TASK DESCRIPTION >>
Write out exactly, and only, the lines below from the line with "This Nespresso ENV150BM" through the line with "Dámské tričko s"; pictures do not belong in the copy.

DATA >>
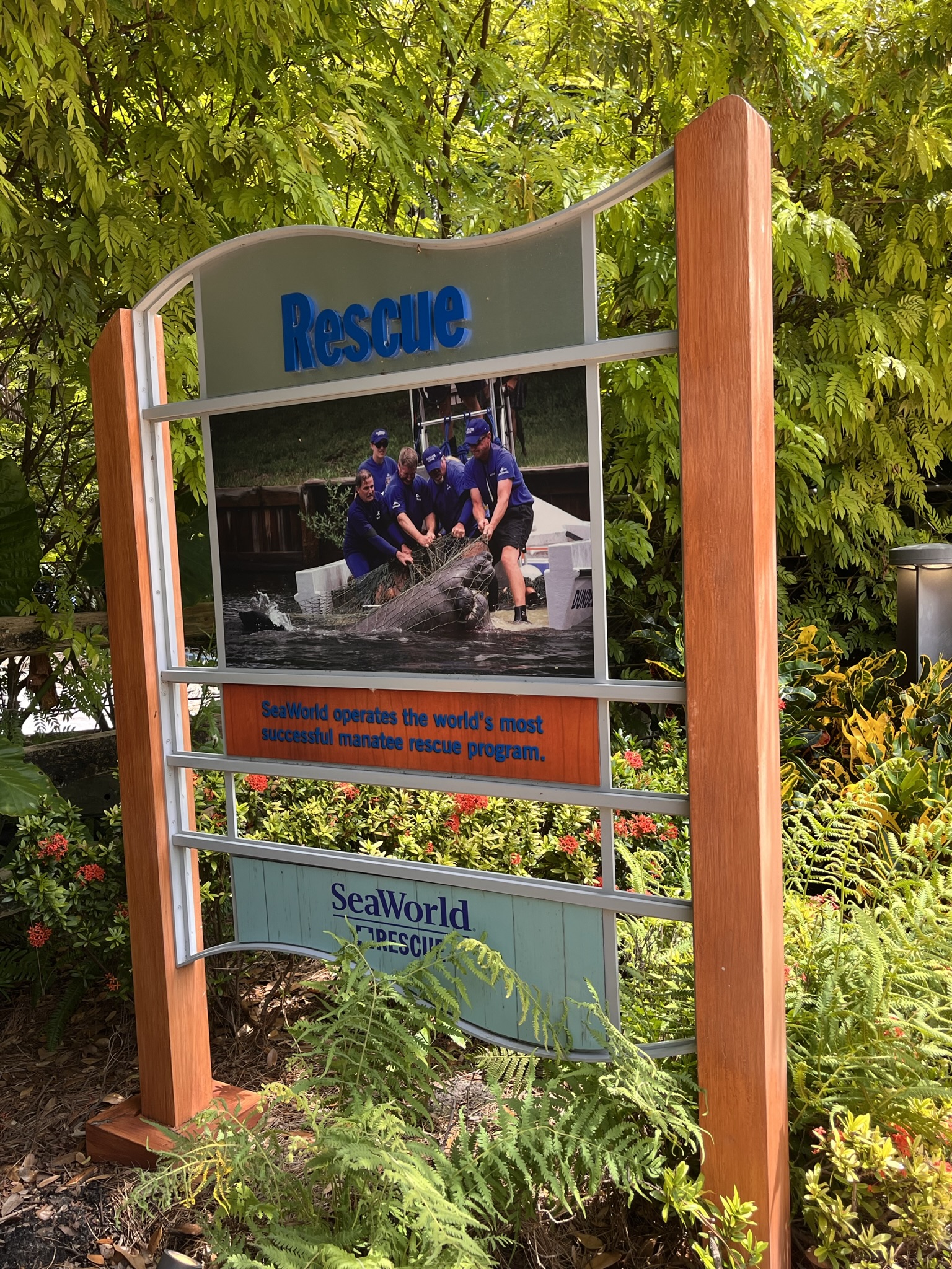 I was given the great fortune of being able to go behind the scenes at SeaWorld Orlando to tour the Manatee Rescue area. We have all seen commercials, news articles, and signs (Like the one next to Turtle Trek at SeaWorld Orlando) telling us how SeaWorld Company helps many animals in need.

--

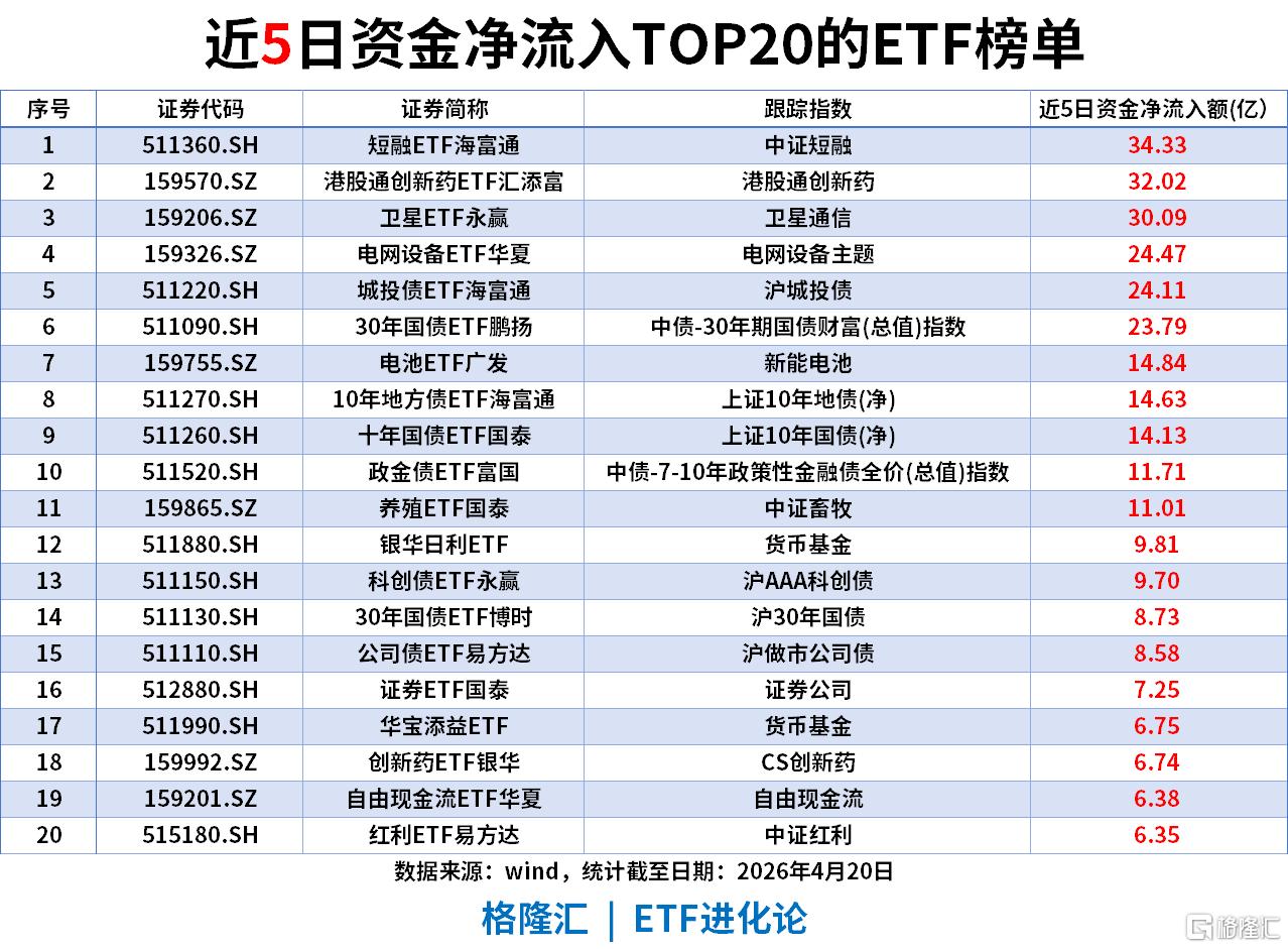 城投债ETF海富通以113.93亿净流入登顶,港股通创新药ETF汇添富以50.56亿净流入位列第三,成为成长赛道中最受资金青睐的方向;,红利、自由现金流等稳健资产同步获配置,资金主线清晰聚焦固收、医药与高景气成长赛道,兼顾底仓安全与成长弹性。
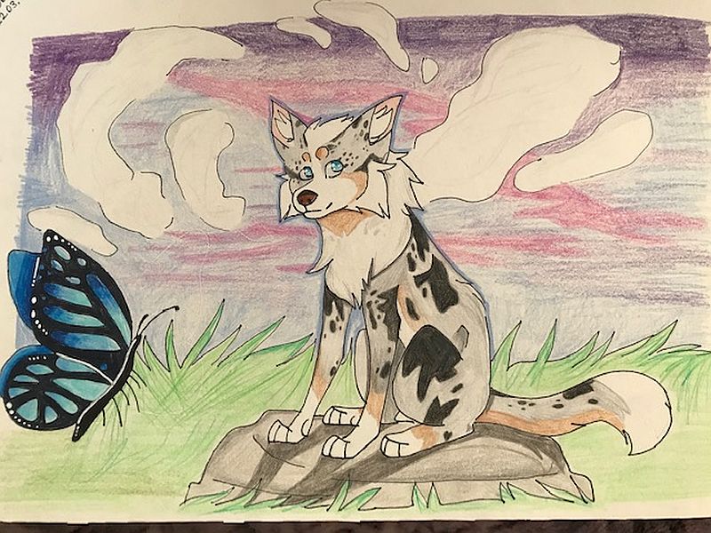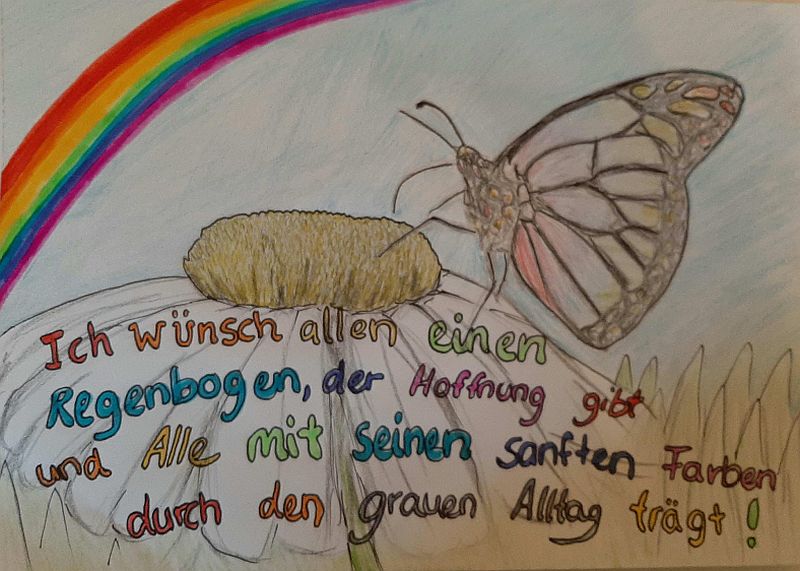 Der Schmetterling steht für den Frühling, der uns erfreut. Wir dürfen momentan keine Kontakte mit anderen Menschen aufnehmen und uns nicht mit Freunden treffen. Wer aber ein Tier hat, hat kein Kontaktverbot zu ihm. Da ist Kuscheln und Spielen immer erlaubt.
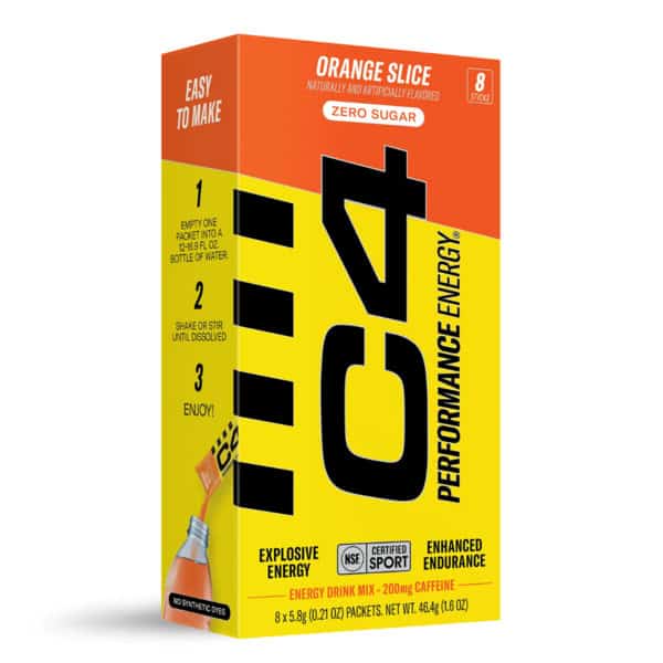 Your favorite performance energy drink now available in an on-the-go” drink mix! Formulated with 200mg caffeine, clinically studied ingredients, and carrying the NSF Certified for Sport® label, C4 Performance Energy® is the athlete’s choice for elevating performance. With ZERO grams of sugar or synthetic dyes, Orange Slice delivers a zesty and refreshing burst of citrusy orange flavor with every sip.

* * *

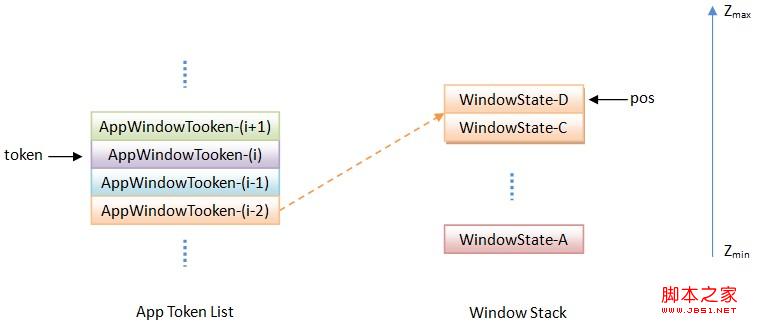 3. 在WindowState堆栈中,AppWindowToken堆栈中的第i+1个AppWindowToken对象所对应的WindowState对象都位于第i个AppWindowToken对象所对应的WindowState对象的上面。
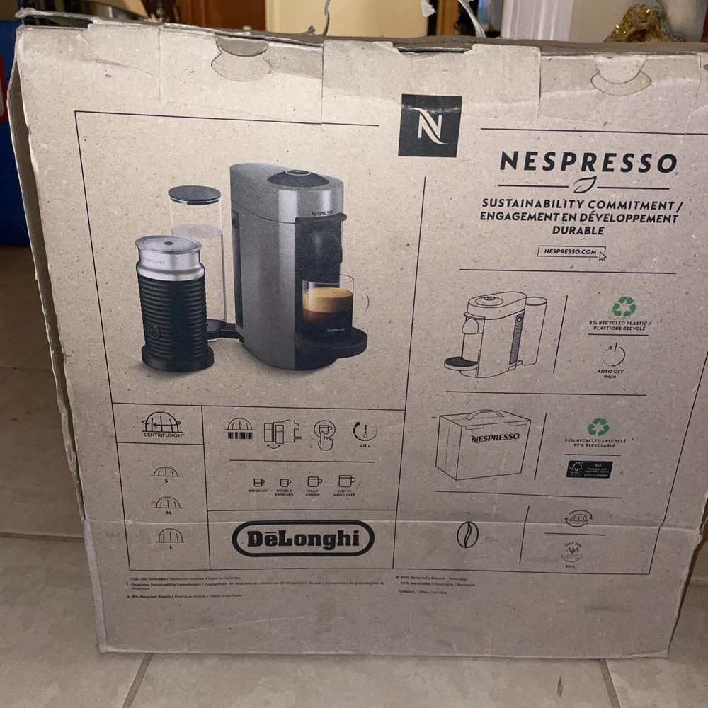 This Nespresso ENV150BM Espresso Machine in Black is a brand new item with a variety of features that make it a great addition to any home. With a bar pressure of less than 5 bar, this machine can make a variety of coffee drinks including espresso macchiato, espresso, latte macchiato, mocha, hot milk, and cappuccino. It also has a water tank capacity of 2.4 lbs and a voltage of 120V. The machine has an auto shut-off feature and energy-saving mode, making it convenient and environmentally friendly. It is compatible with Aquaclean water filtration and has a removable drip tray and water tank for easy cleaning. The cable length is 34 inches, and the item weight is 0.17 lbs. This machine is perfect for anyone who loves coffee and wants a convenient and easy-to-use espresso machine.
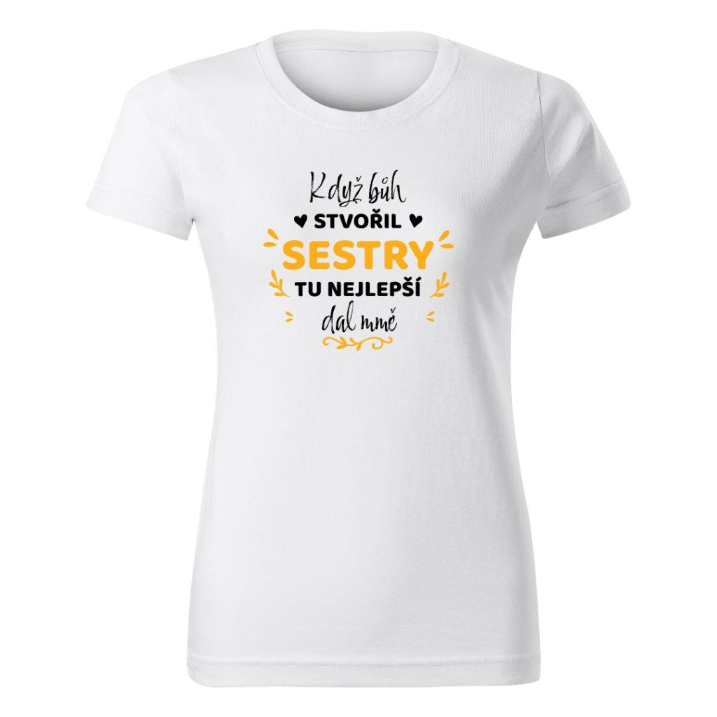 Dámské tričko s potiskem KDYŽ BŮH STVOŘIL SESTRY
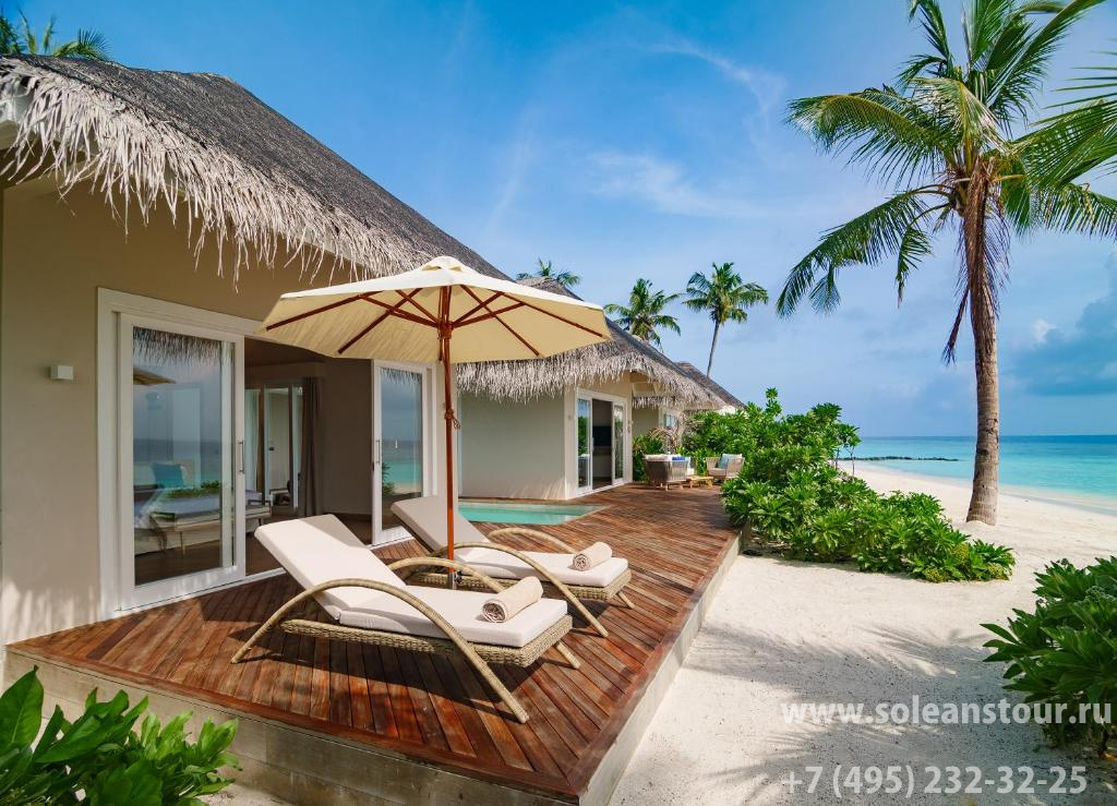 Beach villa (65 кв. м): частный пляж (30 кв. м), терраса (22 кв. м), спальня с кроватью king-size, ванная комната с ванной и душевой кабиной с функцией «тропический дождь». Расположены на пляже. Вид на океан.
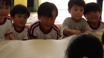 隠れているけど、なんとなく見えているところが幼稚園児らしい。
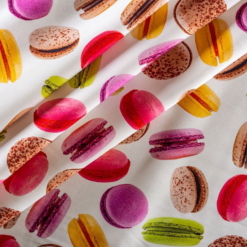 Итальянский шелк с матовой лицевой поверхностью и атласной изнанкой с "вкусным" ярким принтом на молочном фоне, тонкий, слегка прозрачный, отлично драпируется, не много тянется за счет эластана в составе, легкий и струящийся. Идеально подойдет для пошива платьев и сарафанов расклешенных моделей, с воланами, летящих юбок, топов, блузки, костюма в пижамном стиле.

TASK ANSWER >>
 This Nespresso ENV150BM Espresso Machine in Black is a brand new item with a variety of features that make it a great addition to any home. With a bar pressure of less than 5 bar, this machine can make a variety of coffee drinks including espresso macchiato, espresso, latte macchiato, mocha, hot milk, and cappuccino. It also has a water tank capacity of 2.4 lbs and a voltage of 120V. The machine has an auto shut-off feature and energy-saving mode, making it convenient and environmentally friendly. It is compatible with Aquaclean water filtration and has a removable drip tray and water tank for easy cleaning. The cable length is 34 inches, and the item weight is 0.17 lbs. This machine is perfect for anyone who loves coffee and wants a convenient and easy-to-use espresso machine.
 Dámské tričko s potiskem KDYŽ BŮH STVOŘIL SESTRY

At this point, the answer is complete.